> [What is being asked]:
Without the pictures, output all of the data exactly.

Provided material section start

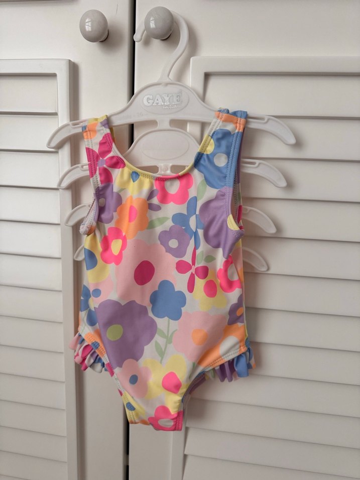 Kolsuz, pastel renklerde çiçek desenli kız çocuk mayosu. Plaj için uygun, yumuşak ve renkli tasarımı rahatlık sağlar.
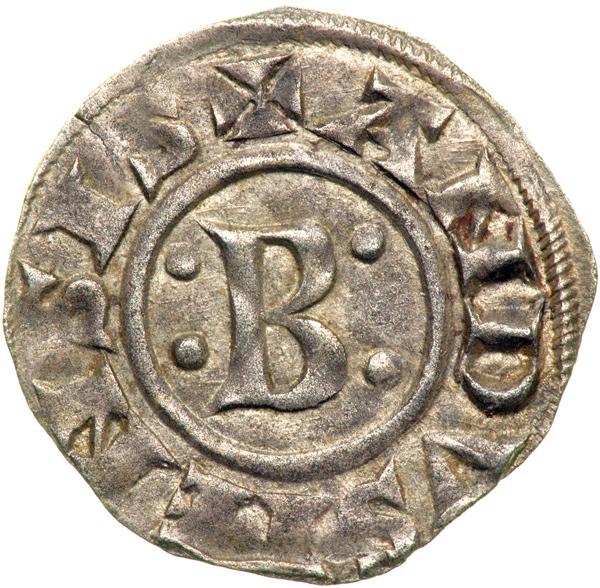 France. Seigniory of Anduse and Sauve. Denier. Roberts-4014; PdA-3852. Weight 0.822 grams. Bernard (I' Aine) II, 1145-1164. Obverse: B between four pellets. Leg: +ANDVSIENSIS. Reverse: Cross moline with one pellet in the first angle. Leg: + SALVIENSIS. Extremely Fine.
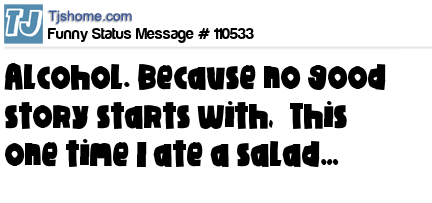 - # 139299 Alcohol: Because no great story ever started with someone eating salad.

Provided material section end

> [Solved exercise]:
 Kolsuz, pastel renklerde çiçek desenli kız çocuk mayosu. Plaj için uygun, yumuşak ve renkli tasarımı rahatlık sağlar.
 France. Seigniory of Anduse and Sauve. Denier. Roberts-4014; PdA-3852. Weight 0.822 grams. Bernard (I' Aine) II, 1145-1164. Obverse: B between four pellets. Leg: +ANDVSIENSIS. Reverse: Cross moline with one pellet in the first angle. Leg: + SALVIENSIS. Extremely Fine.
 - # 139299 Alcohol: Because no great story ever started with someone eating salad.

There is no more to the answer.